Chef Jeremy Charles of Raymond’s has been named the Best Chef in St. John’s by The Scope newspaper in its annual Best of Food and Drink. In fact, Raymond’s picked up 9 Best of … categories this year.
The Scope, the only newspaper that matters if your life, art, culture, work or pleasures revolve around downtown St. John’s, says its all about elevating the dining experience and there is an emerging food and wine culture in St. John’s. One of the other categories it won was, Best Place You’ve Yet to Try.
Since Raymond’s has opened it has received a lot of local and national attention. Enroute magazine named it the Best New Restaurant in 2011. “Charles’ food is fresh, bright and ultimately thoughtful.”
We shot this photo of Jeremy for Canadian Business magazine’s special section on business travel last month.

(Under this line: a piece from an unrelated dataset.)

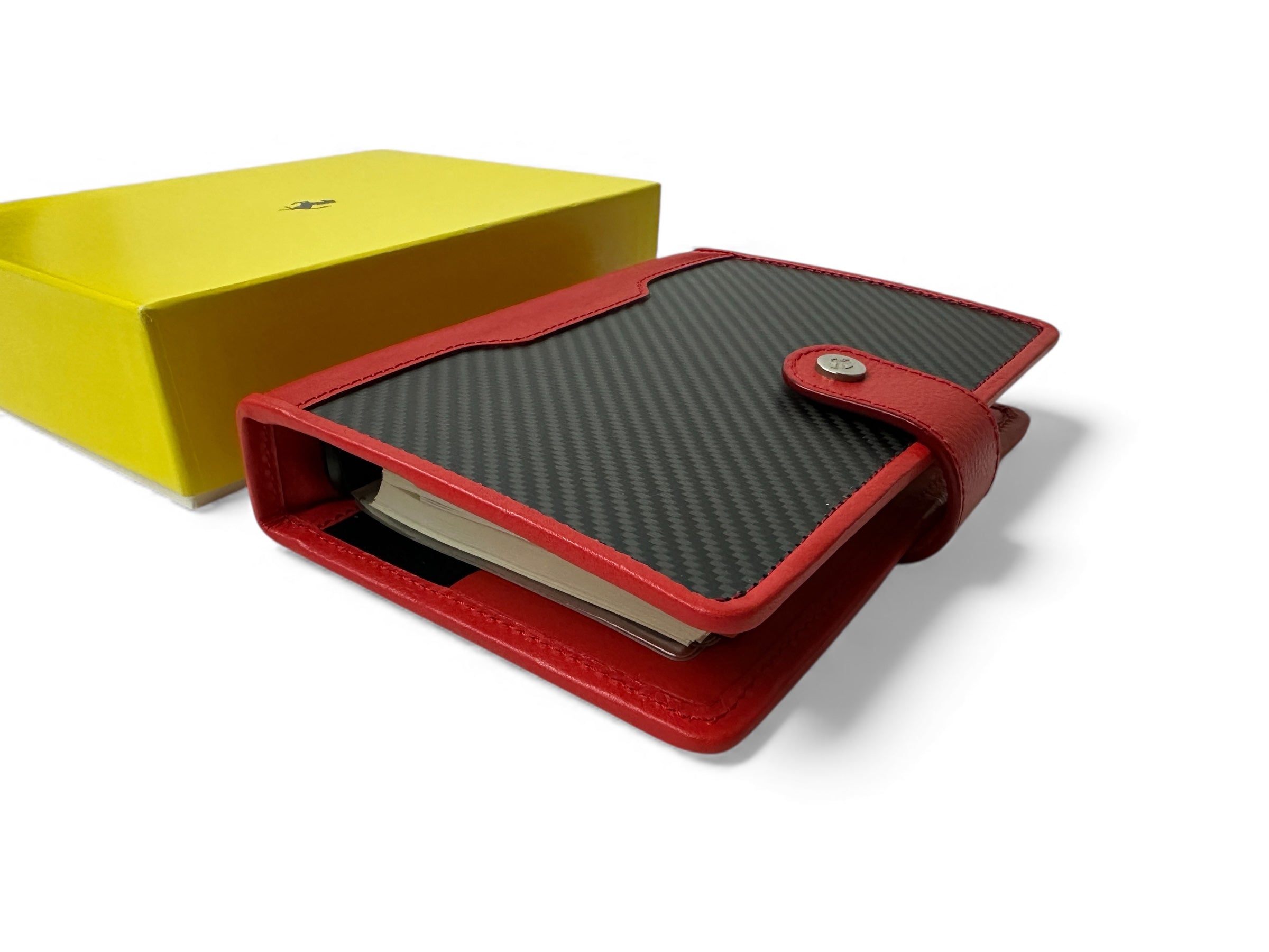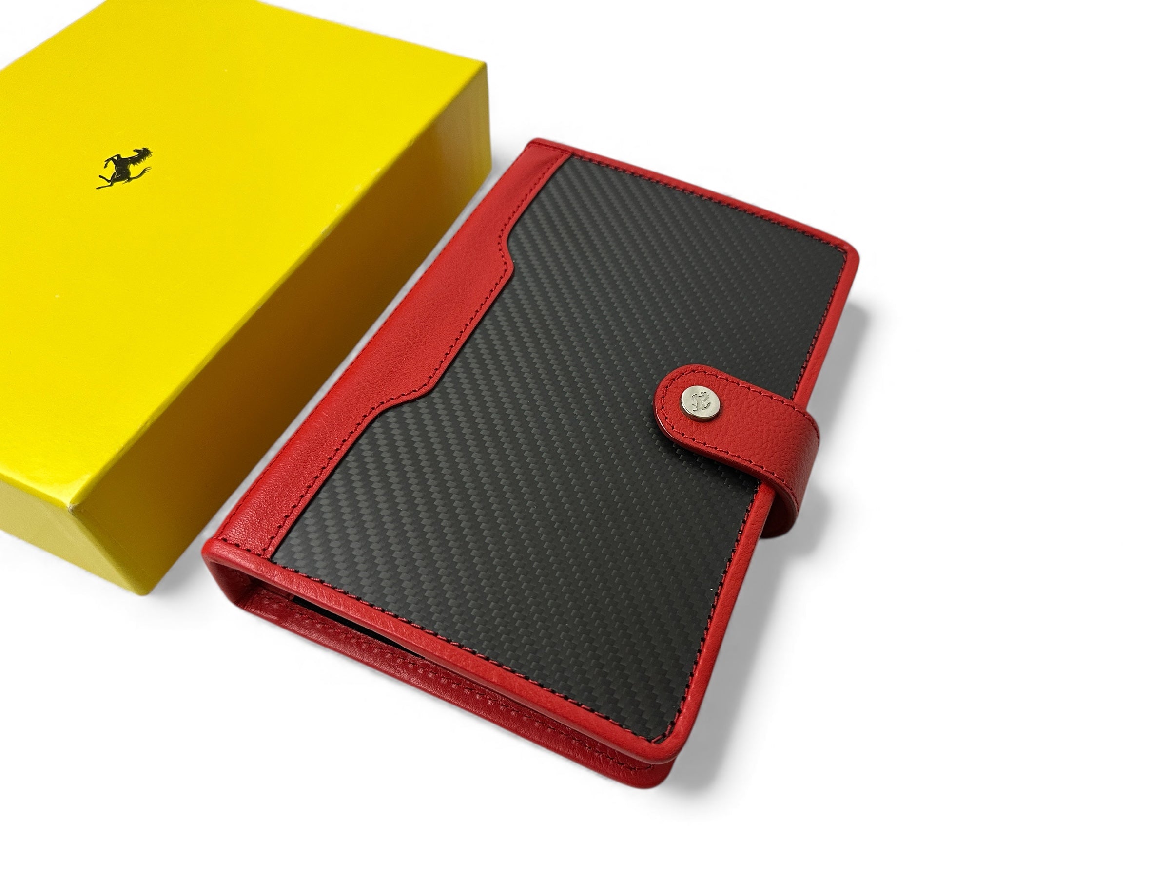 Ferrari F399 Red Leather Agenda Holder, Organizer - Carbon Insert - Official Accessory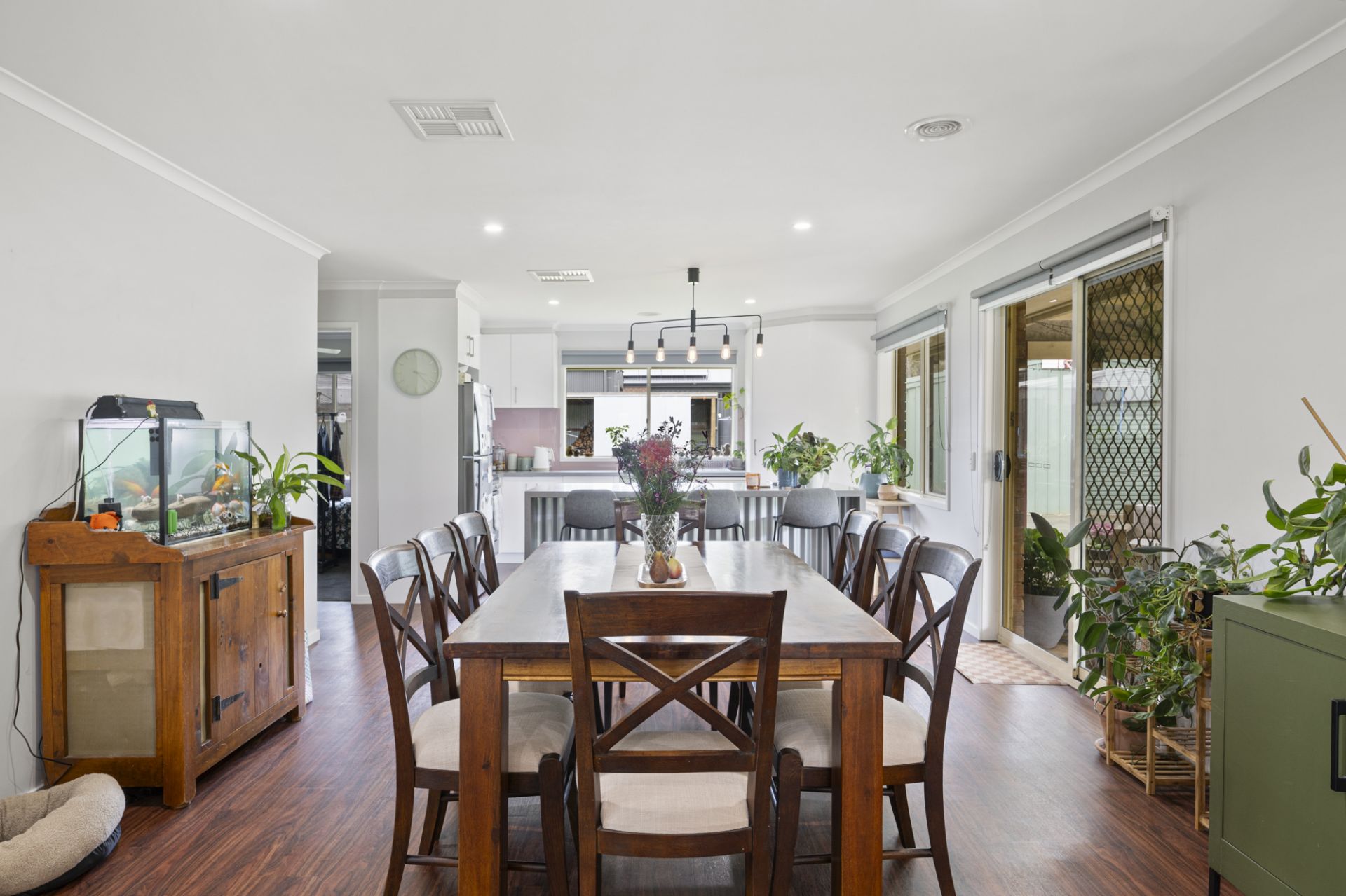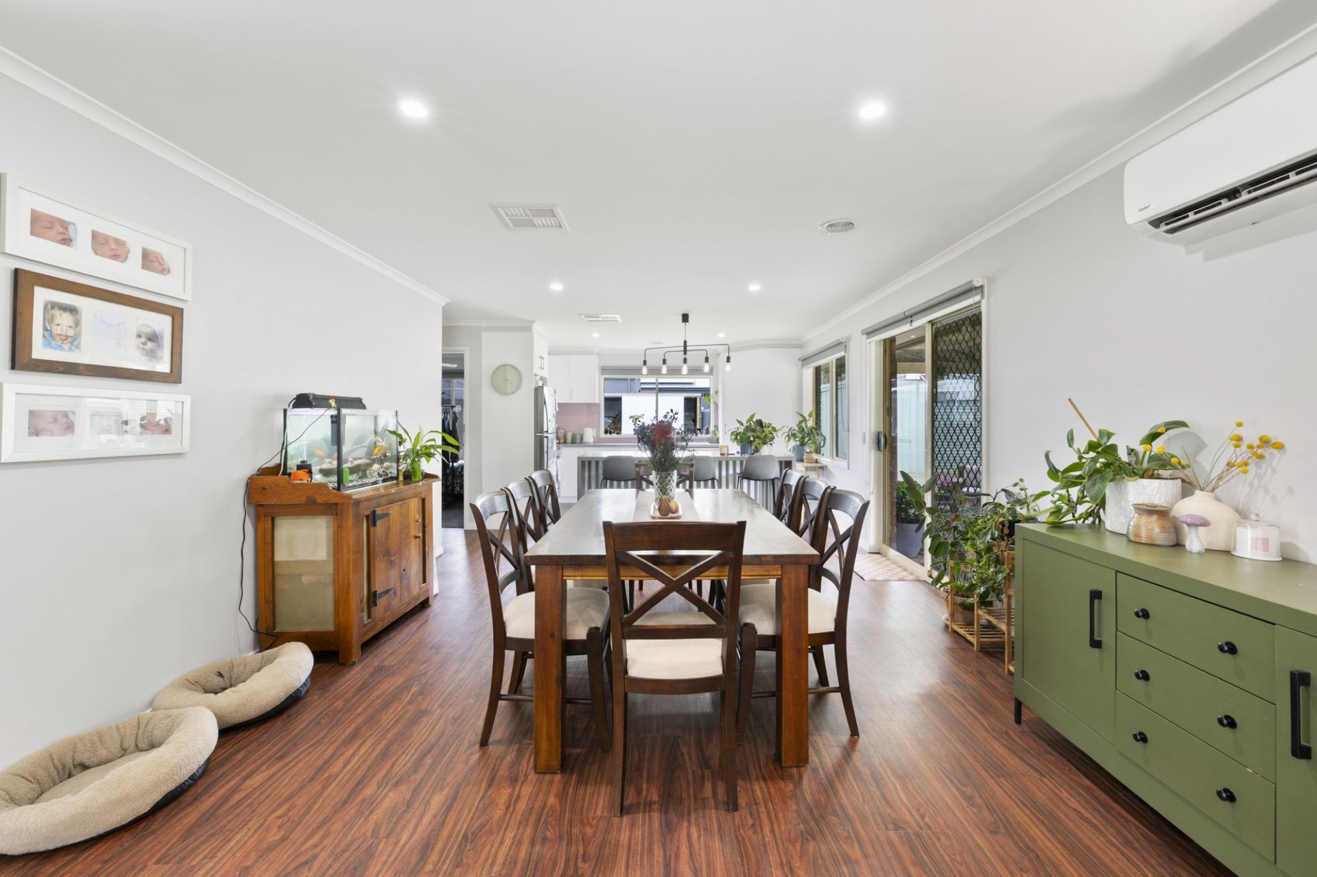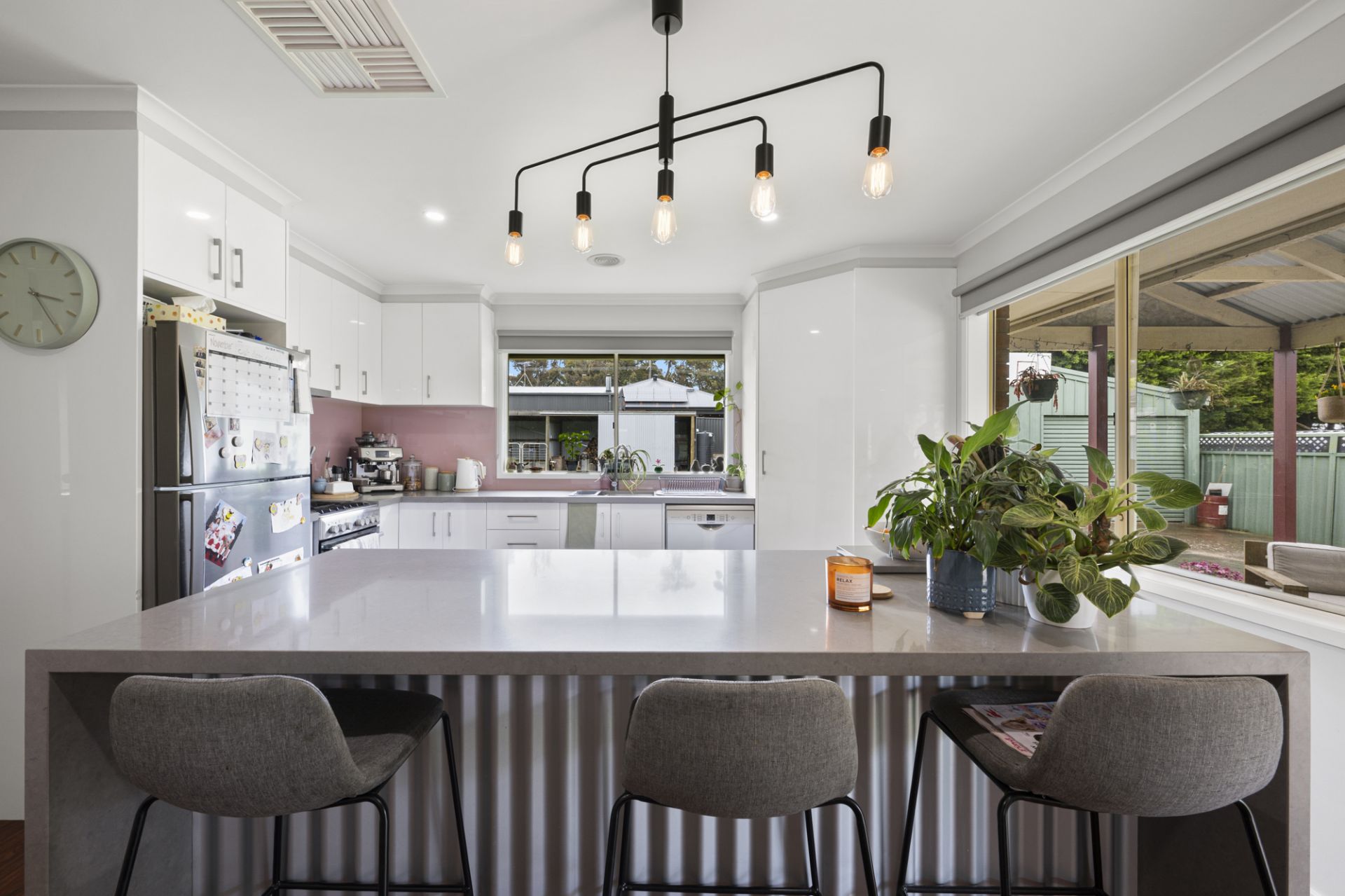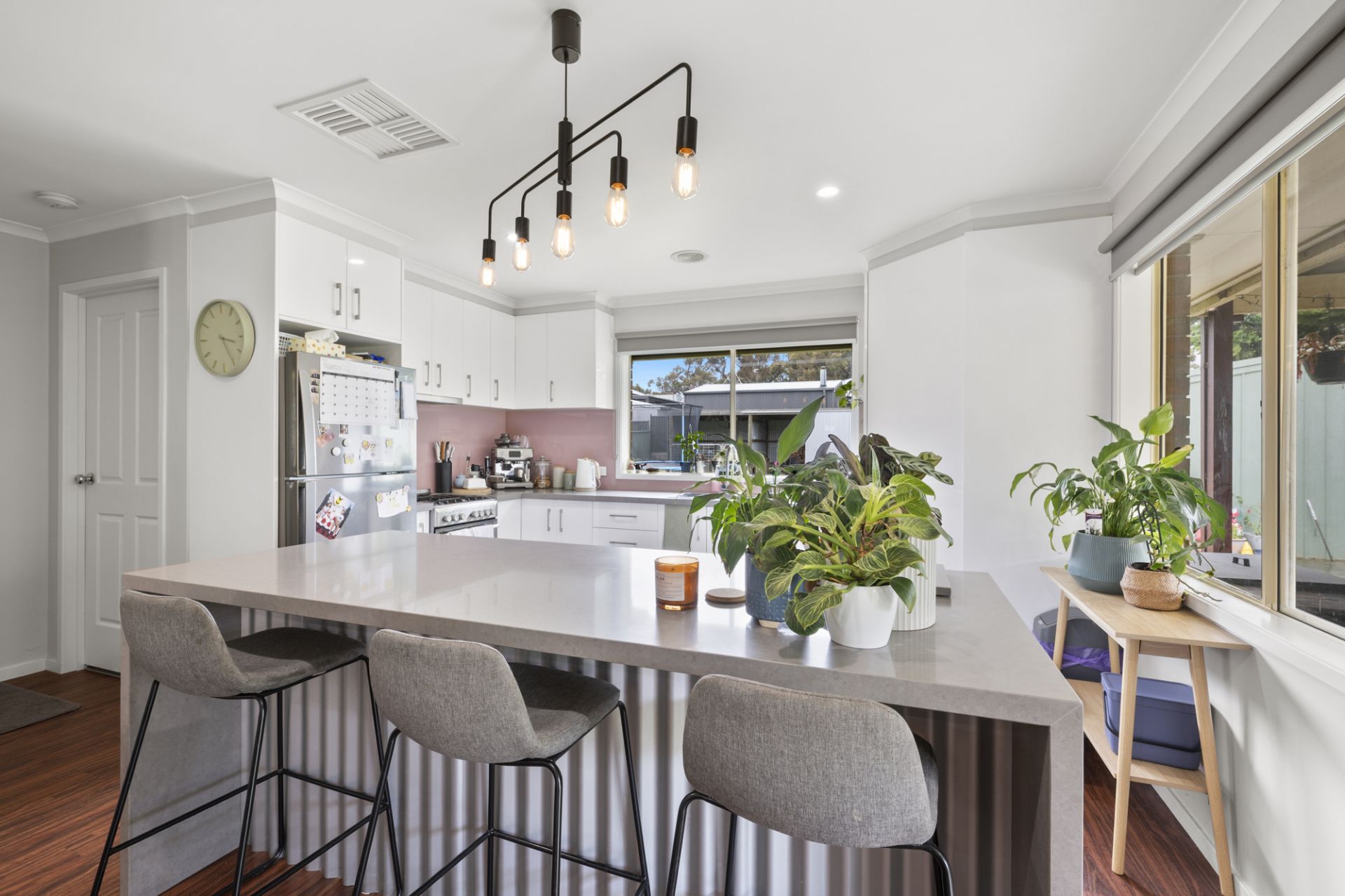 Bathed in natural light, the open-plan kitchen and living space showcases stone benchtops, stainless steel appliances, a walk-in pantry and abundant storage, making it a true centrepiece for family living and entertaining.

Here is what they had to say;
“How to impress your clients: Housed in a beautifully restored former bank, the dining room at Raymond’s, with its sparkling chandeliers, is every bit as impressive as the food. Start with East Coast oysters, as fresh and briny as they come. Move on to the local lamb. It’s raised on an island, and its diet of salty grass and seaweed imbues the meat with a profound savouriness. Impress clients by ordering the seven-course tasting menu, and let sommelier Jeremy Bonita match each course with wine. ”
The thing that captures my imagination is how they source food locally. They make the effort to get the freshest of Newfoundland fish, meat and vegetables which, literally, adds the local flavour.
…and the dining room makes a friggin ‘awesome studio!!
PHOTO TECH: usual 2-Speedlight setup balanced with the window light.